Problem to solve:
Set down each entry again exactly as written.

Data provided:
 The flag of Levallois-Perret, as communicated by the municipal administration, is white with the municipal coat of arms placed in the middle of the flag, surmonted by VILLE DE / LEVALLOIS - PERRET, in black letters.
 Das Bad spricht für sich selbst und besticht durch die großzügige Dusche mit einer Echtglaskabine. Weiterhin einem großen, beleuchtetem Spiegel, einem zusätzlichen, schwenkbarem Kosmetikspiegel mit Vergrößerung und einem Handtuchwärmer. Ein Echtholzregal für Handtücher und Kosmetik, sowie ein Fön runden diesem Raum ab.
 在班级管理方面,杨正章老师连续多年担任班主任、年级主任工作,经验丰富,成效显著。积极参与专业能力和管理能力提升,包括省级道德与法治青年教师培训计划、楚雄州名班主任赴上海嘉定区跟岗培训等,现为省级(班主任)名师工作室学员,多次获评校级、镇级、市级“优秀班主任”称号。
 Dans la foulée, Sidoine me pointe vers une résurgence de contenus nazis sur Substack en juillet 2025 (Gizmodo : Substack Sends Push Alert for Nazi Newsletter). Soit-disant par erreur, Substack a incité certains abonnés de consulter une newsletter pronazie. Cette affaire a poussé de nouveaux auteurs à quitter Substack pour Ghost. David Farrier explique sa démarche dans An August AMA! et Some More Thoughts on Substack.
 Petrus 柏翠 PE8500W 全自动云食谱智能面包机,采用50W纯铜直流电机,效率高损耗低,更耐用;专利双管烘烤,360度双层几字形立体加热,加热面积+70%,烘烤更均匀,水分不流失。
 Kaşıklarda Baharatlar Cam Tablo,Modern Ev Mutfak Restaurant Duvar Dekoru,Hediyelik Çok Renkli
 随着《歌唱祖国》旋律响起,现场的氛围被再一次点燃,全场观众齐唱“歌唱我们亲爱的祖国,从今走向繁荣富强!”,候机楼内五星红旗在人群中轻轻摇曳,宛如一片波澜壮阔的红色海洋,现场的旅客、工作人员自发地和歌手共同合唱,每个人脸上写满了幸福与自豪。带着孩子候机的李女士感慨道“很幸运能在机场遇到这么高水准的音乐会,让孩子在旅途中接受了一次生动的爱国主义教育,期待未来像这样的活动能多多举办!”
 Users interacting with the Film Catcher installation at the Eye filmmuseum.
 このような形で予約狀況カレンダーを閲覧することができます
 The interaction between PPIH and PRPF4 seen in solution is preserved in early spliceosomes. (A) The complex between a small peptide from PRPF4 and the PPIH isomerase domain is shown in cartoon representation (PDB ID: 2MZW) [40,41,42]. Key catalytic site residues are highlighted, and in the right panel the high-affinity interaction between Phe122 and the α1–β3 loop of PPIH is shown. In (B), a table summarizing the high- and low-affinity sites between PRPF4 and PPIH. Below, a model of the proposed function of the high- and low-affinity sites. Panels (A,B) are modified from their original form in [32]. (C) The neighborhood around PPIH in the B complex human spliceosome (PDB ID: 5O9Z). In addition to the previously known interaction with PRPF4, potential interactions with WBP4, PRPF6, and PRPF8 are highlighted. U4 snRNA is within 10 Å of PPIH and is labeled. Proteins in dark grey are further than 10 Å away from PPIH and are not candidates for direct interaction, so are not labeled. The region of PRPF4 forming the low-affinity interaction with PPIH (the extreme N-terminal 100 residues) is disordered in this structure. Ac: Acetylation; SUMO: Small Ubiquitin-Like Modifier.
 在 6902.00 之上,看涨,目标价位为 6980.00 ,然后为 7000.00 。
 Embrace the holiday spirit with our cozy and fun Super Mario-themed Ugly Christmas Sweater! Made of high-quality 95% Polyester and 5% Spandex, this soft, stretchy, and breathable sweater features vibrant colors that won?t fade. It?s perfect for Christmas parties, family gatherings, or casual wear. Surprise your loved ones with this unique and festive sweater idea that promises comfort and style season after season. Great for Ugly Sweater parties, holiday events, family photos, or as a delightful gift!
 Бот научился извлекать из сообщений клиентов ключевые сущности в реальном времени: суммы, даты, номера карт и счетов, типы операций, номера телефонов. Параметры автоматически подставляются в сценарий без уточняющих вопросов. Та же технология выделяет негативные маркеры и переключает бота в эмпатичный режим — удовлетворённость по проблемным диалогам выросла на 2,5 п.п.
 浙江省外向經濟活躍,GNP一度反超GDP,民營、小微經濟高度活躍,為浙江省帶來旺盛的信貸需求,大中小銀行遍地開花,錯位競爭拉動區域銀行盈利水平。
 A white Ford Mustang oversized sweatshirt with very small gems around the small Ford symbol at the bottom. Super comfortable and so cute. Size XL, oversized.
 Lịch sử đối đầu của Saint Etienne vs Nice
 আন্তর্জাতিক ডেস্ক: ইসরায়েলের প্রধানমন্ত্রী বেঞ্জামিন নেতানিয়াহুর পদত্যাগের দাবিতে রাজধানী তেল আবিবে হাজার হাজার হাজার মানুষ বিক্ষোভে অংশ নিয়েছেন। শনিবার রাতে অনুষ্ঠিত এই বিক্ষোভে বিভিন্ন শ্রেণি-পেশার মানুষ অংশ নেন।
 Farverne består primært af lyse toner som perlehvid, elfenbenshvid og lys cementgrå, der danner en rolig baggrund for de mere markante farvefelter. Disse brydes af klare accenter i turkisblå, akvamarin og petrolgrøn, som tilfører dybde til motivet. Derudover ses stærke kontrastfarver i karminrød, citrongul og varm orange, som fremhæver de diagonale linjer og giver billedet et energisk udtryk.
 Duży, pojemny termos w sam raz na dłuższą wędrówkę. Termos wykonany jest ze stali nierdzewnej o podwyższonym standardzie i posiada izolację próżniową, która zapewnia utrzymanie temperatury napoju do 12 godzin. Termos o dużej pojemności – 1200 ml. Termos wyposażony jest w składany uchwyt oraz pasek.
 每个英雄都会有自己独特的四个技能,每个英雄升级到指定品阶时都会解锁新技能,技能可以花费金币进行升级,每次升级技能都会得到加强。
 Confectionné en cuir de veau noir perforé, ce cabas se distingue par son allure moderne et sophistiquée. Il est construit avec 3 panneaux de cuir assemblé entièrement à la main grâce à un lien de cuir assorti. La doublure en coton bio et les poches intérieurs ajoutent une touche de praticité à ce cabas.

Result below:
 The flag of Levallois-Perret, as communicated by the municipal administration, is white with the municipal coat of arms placed in the middle of the flag, surmonted by VILLE DE / LEVALLOIS - PERRET, in black letters.
 Das Bad spricht für sich selbst und besticht durch die großzügige Dusche mit einer Echtglaskabine. Weiterhin einem großen, beleuchtetem Spiegel, einem zusätzlichen, schwenkbarem Kosmetikspiegel mit Vergrößerung und einem Handtuchwärmer. Ein Echtholzregal für Handtücher und Kosmetik, sowie ein Fön runden diesem Raum ab.
 在班级管理方面,杨正章老师连续多年担任班主任、年级主任工作,经验丰富,成效显著。积极参与专业能力和管理能力提升,包括省级道德与法治青年教师培训计划、楚雄州名班主任赴上海嘉定区跟岗培训等,现为省级(班主任)名师工作室学员,多次获评校级、镇级、市级“优秀班主任”称号。
 Dans la foulée, Sidoine me pointe vers une résurgence de contenus nazis sur Substack en juillet 2025 (Gizmodo : Substack Sends Push Alert for Nazi Newsletter). Soit-disant par erreur, Substack a incité certains abonnés de consulter une newsletter pronazie. Cette affaire a poussé de nouveaux auteurs à quitter Substack pour Ghost. David Farrier explique sa démarche dans An August AMA! et Some More Thoughts on Substack.
 Petrus 柏翠 PE8500W 全自动云食谱智能面包机,采用50W纯铜直流电机,效率高损耗低,更耐用;专利双管烘烤,360度双层几字形立体加热,加热面积+70%,烘烤更均匀,水分不流失。
 Kaşıklarda Baharatlar Cam Tablo,Modern Ev Mutfak Restaurant Duvar Dekoru,Hediyelik Çok Renkli
 随着《歌唱祖国》旋律响起,现场的氛围被再一次点燃,全场观众齐唱“歌唱我们亲爱的祖国,从今走向繁荣富强!”,候机楼内五星红旗在人群中轻轻摇曳,宛如一片波澜壮阔的红色海洋,现场的旅客、工作人员自发地和歌手共同合唱,每个人脸上写满了幸福与自豪。带着孩子候机的李女士感慨道“很幸运能在机场遇到这么高水准的音乐会,让孩子在旅途中接受了一次生动的爱国主义教育,期待未来像这样的活动能多多举办!”
 Users interacting with the Film Catcher installation at the Eye filmmuseum.
 このような形で予約狀況カレンダーを閲覧することができます
 The interaction between PPIH and PRPF4 seen in solution is preserved in early spliceosomes. (A) The complex between a small peptide from PRPF4 and the PPIH isomerase domain is shown in cartoon representation (PDB ID: 2MZW) [40,41,42]. Key catalytic site residues are highlighted, and in the right panel the high-affinity interaction between Phe122 and the α1–β3 loop of PPIH is shown. In (B), a table summarizing the high- and low-affinity sites between PRPF4 and PPIH. Below, a model of the proposed function of the high- and low-affinity sites. Panels (A,B) are modified from their original form in [32]. (C) The neighborhood around PPIH in the B complex human spliceosome (PDB ID: 5O9Z). In addition to the previously known interaction with PRPF4, potential interactions with WBP4, PRPF6, and PRPF8 are highlighted. U4 snRNA is within 10 Å of PPIH and is labeled. Proteins in dark grey are further than 10 Å away from PPIH and are not candidates for direct interaction, so are not labeled. The region of PRPF4 forming the low-affinity interaction with PPIH (the extreme N-terminal 100 residues) is disordered in this structure. Ac: Acetylation; SUMO: Small Ubiquitin-Like Modifier.
 在 6902.00 之上,看涨,目标价位为 6980.00 ,然后为 7000.00 。
 Embrace the holiday spirit with our cozy and fun Super Mario-themed Ugly Christmas Sweater! Made of high-quality 95% Polyester and 5% Spandex, this soft, stretchy, and breathable sweater features vibrant colors that won?t fade. It?s perfect for Christmas parties, family gatherings, or casual wear. Surprise your loved ones with this unique and festive sweater idea that promises comfort and style season after season. Great for Ugly Sweater parties, holiday events, family photos, or as a delightful gift!
 Бот научился извлекать из сообщений клиентов ключевые сущности в реальном времени: суммы, даты, номера карт и счетов, типы операций, номера телефонов. Параметры автоматически подставляются в сценарий без уточняющих вопросов. Та же технология выделяет негативные маркеры и переключает бота в эмпатичный режим — удовлетворённость по проблемным диалогам выросла на 2,5 п.п.
 浙江省外向經濟活躍,GNP一度反超GDP,民營、小微經濟高度活躍,為浙江省帶來旺盛的信貸需求,大中小銀行遍地開花,錯位競爭拉動區域銀行盈利水平。
 A white Ford Mustang oversized sweatshirt with very small gems around the small Ford symbol at the bottom. Super comfortable and so cute. Size XL, oversized.
 Lịch sử đối đầu của Saint Etienne vs Nice
 আন্তর্জাতিক ডেস্ক: ইসরায়েলের প্রধানমন্ত্রী বেঞ্জামিন নেতানিয়াহুর পদত্যাগের দাবিতে রাজধানী তেল আবিবে হাজার হাজার হাজার মানুষ বিক্ষোভে অংশ নিয়েছেন। শনিবার রাতে অনুষ্ঠিত এই বিক্ষোভে বিভিন্ন শ্রেণি-পেশার মানুষ অংশ নেন।
 Farverne består primært af lyse toner som perlehvid, elfenbenshvid og lys cementgrå, der danner en rolig baggrund for de mere markante farvefelter. Disse brydes af klare accenter i turkisblå, akvamarin og petrolgrøn, som tilfører dybde til motivet. Derudover ses stærke kontrastfarver i karminrød, citrongul og varm orange, som fremhæver de diagonale linjer og giver billedet et energisk udtryk.
 Duży, pojemny termos w sam raz na dłuższą wędrówkę. Termos wykonany jest ze stali nierdzewnej o podwyższonym standardzie i posiada izolację próżniową, która zapewnia utrzymanie temperatury napoju do 12 godzin. Termos o dużej pojemności – 1200 ml. Termos wyposażony jest w składany uchwyt oraz pasek.
 每个英雄都会有自己独特的四个技能,每个英雄升级到指定品阶时都会解锁新技能,技能可以花费金币进行升级,每次升级技能都会得到加强。
 Confectionné en cuir de veau noir perforé, ce cabas se distingue par son allure moderne et sophistiquée. Il est construit avec 3 panneaux de cuir assemblé entièrement à la main grâce à un lien de cuir assorti. La doublure en coton bio et les poches intérieurs ajoutent une touche de praticité à ce cabas.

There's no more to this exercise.